De façon très surprenante, plusieurs mois avant d’entreprendre cette thérapie, j’avais fait un rêve dans lequel je me trouvais entouré par une communauté de gens voués à l’exploration de soi et célébrant la vie. Je m’y étais senti particulièrement bien, comme si j’avais trouvé là ma famille de cœur et ma vraie place. Mais ce rêve n’en était pas un, il s’agissait plutôt d’une vision. Osho l’avait concrétisée en créant un ashram en Inde (Poona 1) puis, une communauté aux Etats-Unis dans l’Oregon (Rajneeshpuram) et, à la chute de celle-ci, une multiversity et un club de méditation sur les terres de son ancien Ashram (Poona 2).
Très vite, j’ai lu plusieurs livres d’Osho, côtoyé des sannyasins, et fait le pas de changer de nom en « prenant sannyas ». À l’époque je ne saisissais pas encore toutes les implications de cet acte symbolique; je le percevais comme un engagement envers moi-même d’aller au bout de mon aspiration et de découvrir la réalité à laquelle elle me conduirait, reflétée par le maître et ses enseignements.

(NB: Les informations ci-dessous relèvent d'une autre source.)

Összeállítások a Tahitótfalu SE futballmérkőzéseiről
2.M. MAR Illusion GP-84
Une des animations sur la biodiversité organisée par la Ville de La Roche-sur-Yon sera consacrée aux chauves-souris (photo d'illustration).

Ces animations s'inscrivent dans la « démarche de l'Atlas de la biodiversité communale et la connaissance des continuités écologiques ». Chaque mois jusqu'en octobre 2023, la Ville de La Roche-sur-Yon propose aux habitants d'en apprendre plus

Ma première rencontre avec Osho s’est produite aux USA, dans sa commune en Oregon. À cette époque, tellement de gens l’entouraient qu’il n’était déjà plus possible d’avoir des entretiens individuels avec lui et, de surcroît, il avait fait vœux de silence. Mais lorsque son regard croisa le mien, j’ai su intimement et immédiatement que je touchais là à une dimension qui n’appartient pas à ce monde. Sa présence suscitait en moi une profonde nostalgie que je ne m’expliquais pas mais qui se faisait l’écho de quelque chose à quoi j’aspirais de tout mon être.
Quels qu’aient été les rebondissements et les péripéties qui ont entouré la vie de cet être controversé et subversif, rien pour moi, ne pouvait entacher le miracle de sa présence. C’est cela qui m’attirait, bien davantage que l’organisation qui l’entourait. Je m’intéressais à la perle dans l’huître et non à sa coquille.

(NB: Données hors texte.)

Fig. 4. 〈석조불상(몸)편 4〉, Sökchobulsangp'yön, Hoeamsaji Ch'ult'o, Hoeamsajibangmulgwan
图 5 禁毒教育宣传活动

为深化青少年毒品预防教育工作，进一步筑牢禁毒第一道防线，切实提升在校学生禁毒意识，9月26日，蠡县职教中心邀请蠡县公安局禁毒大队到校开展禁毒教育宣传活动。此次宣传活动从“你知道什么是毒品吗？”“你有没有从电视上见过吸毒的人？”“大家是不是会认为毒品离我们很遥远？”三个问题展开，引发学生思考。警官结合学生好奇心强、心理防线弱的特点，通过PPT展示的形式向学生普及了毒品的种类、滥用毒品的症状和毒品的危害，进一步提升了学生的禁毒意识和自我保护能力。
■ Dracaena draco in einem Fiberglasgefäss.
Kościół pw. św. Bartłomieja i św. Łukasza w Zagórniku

À cette époque, Osho et ses enseignements participaient à défaire en moi une foule d’idées et de conditionnements auxquels je m’étais identifiés durant les 20 premières années de ma vie. Cela me conduisit à remettre systématiquement en question le bagage de mes valeurs et de mes certitudes. Plusieurs voyages autour du monde, loin des circuits touristiques et avec peu de moyens ainsi qu’une exploration intensive des nouvelles thérapies y contribuèrent grandement. Finalement, je ne vivais que pour cette aspiration mystérieuse qui battait au fond de mon cœur tout en m’efforçant, bon gré mal gré, de gagner ma croûte du mieux possible. Une chose s’imposait alors à moi : ma vie ne suivrait aucun plan de carrière et me mènerait là où ma quête d’absolu me conduirait.

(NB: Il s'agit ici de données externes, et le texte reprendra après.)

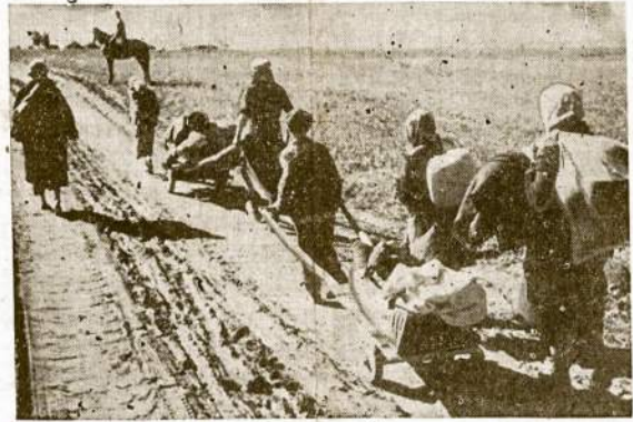
Sovietų Sąjungos valstiečiai gryžta į savo gimtinį Žubovą, kur jie vietoj namų ras tik griuvėsius. Gryžta jie su mažai mantos, bet pasiryžę atbudavoti savo namus ir miestą.
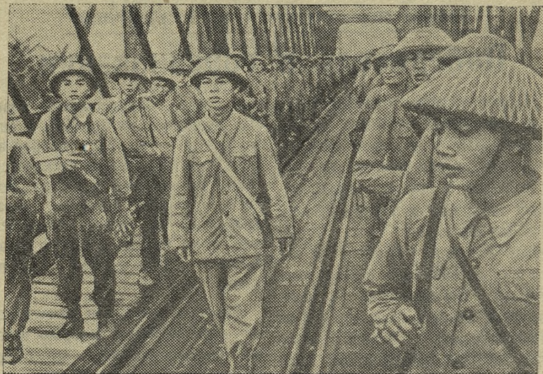
ДЕМОКРАТИЧЕСКАЯ РЕСПУБЛИКА ВЬЕТНАМ. Недавно состоялась передача города Ханоя Демократической Республике Вьетнам.

На снимке: отряды Народной армии вступают в Ханой.

À la fin de Rajneespuram, Osho quitta l’Oregon et entreprit un tour du monde mouvementé. De retour en Suisse au terme d’un voyage à travers le Pacifique sud, je sautai sur l’occasion lorsque j’appris qu’il séjournait en Crète. Emmenant plusieurs amis avec moi, nous nous envolâmes pour Heraklion. Là, sous un olivier centenaire, j’eu la chance de m’asseoir à ses pied, d’écouter ses discours et de m’imbiber de sa présence.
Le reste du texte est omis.